**Information provided:**
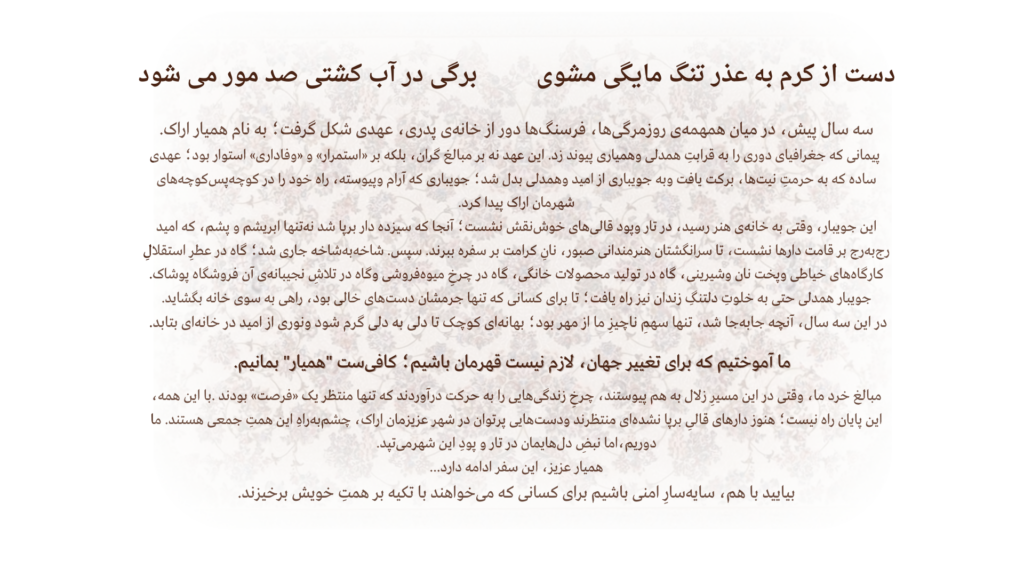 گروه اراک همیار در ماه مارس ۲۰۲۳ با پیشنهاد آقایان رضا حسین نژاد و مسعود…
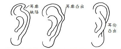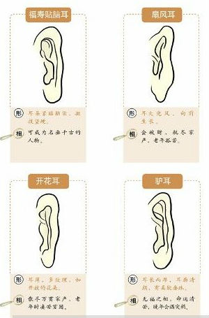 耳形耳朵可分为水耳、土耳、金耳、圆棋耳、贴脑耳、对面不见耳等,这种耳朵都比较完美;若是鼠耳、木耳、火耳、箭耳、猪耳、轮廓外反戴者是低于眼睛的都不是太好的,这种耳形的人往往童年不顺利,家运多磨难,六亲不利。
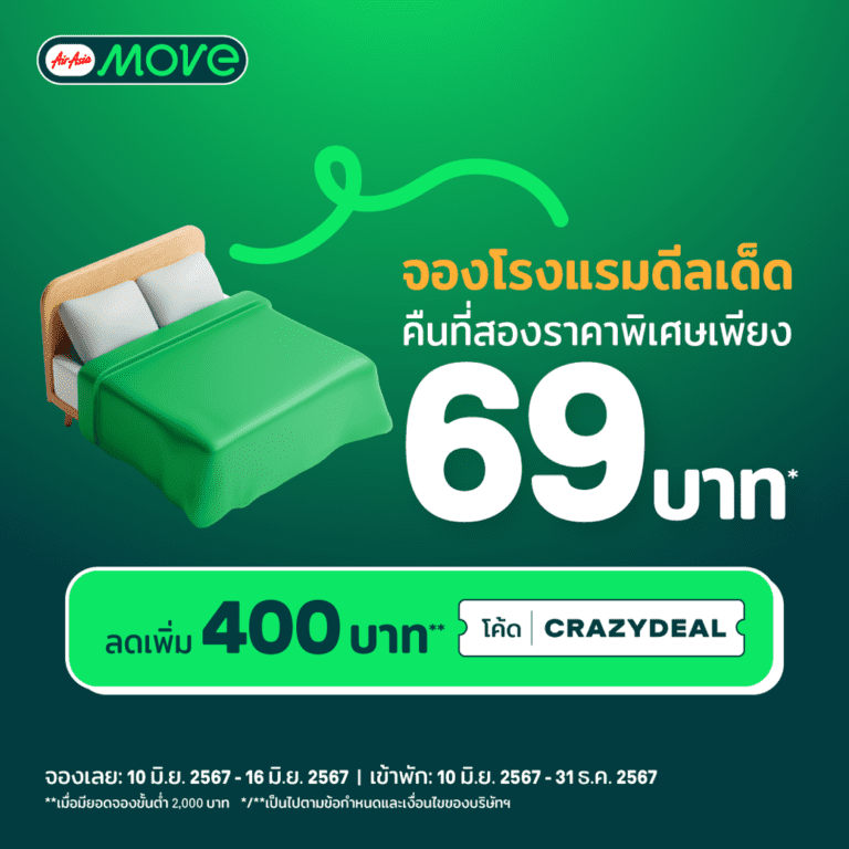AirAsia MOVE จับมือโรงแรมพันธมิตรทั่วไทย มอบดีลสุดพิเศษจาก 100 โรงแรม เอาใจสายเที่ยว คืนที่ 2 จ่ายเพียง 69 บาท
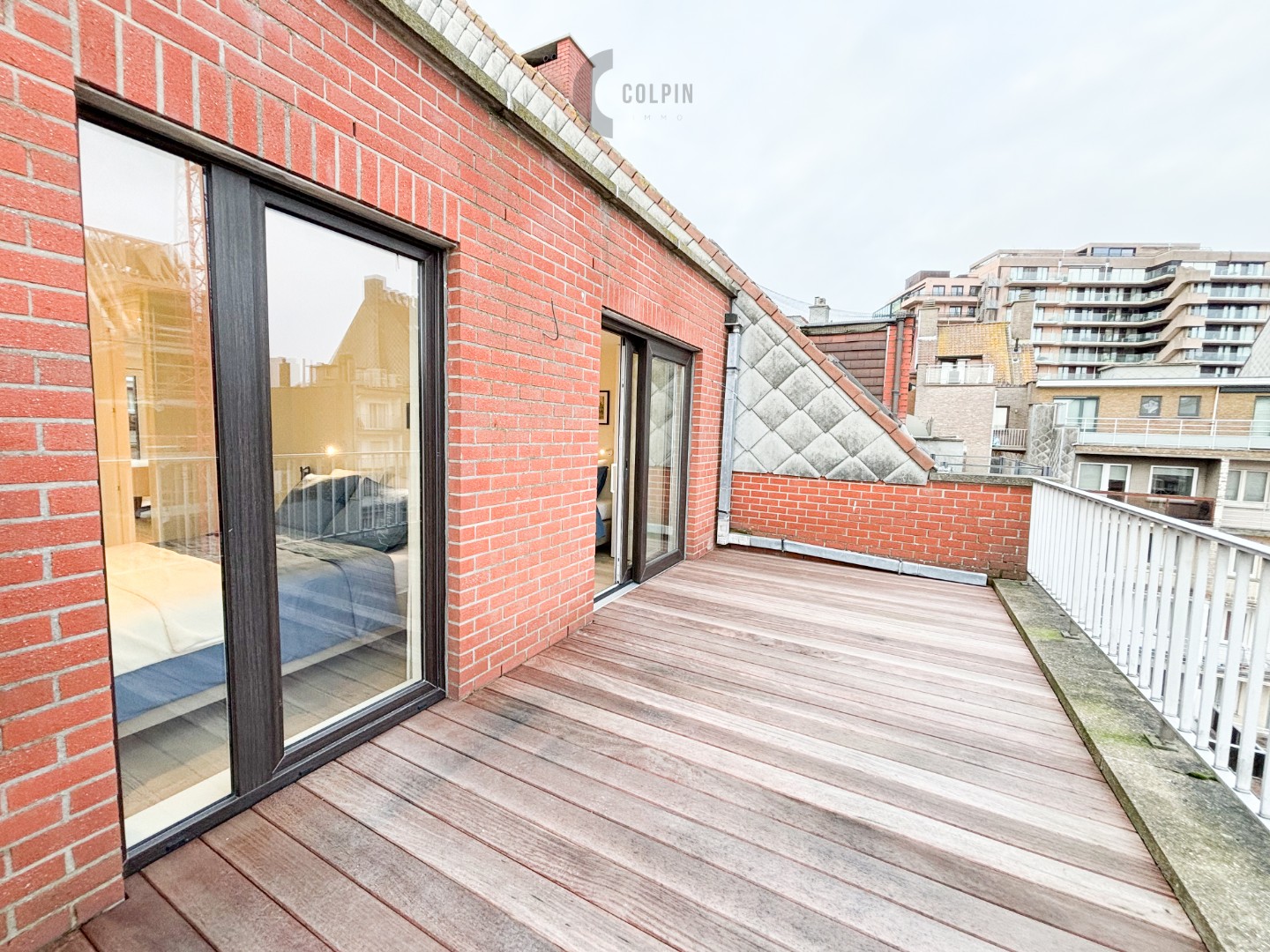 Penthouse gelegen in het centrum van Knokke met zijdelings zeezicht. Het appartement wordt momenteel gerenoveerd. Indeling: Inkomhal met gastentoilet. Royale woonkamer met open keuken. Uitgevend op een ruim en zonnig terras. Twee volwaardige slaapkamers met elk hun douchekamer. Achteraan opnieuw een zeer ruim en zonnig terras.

**Exercise:** Drop the pictures, then transcribe the lines from the one containing "耳形耳朵可分为水耳、土耳、金" to the end of the data above, exactly and nothing more.

**Exercise answer:**
 耳形耳朵可分为水耳、土耳、金耳、圆棋耳、贴脑耳、对面不见耳等,这种耳朵都比较完美;若是鼠耳、木耳、火耳、箭耳、猪耳、轮廓外反戴者是低于眼睛的都不是太好的,这种耳形的人往往童年不顺利,家运多磨难,六亲不利。
AirAsia MOVE จับมือโรงแรมพันธมิตรทั่วไทย มอบดีลสุดพิเศษจาก 100 โรงแรม เอาใจสายเที่ยว คืนที่ 2 จ่ายเพียง 69 บาท
 Penthouse gelegen in het centrum van Knokke met zijdelings zeezicht. Het appartement wordt momenteel gerenoveerd. Indeling: Inkomhal met gastentoilet. Royale woonkamer met open keuken. Uitgevend op een ruim en zonnig terras. Twee volwaardige slaapkamers met elk hun douchekamer. Achteraan opnieuw een zeer ruim en zonnig terras.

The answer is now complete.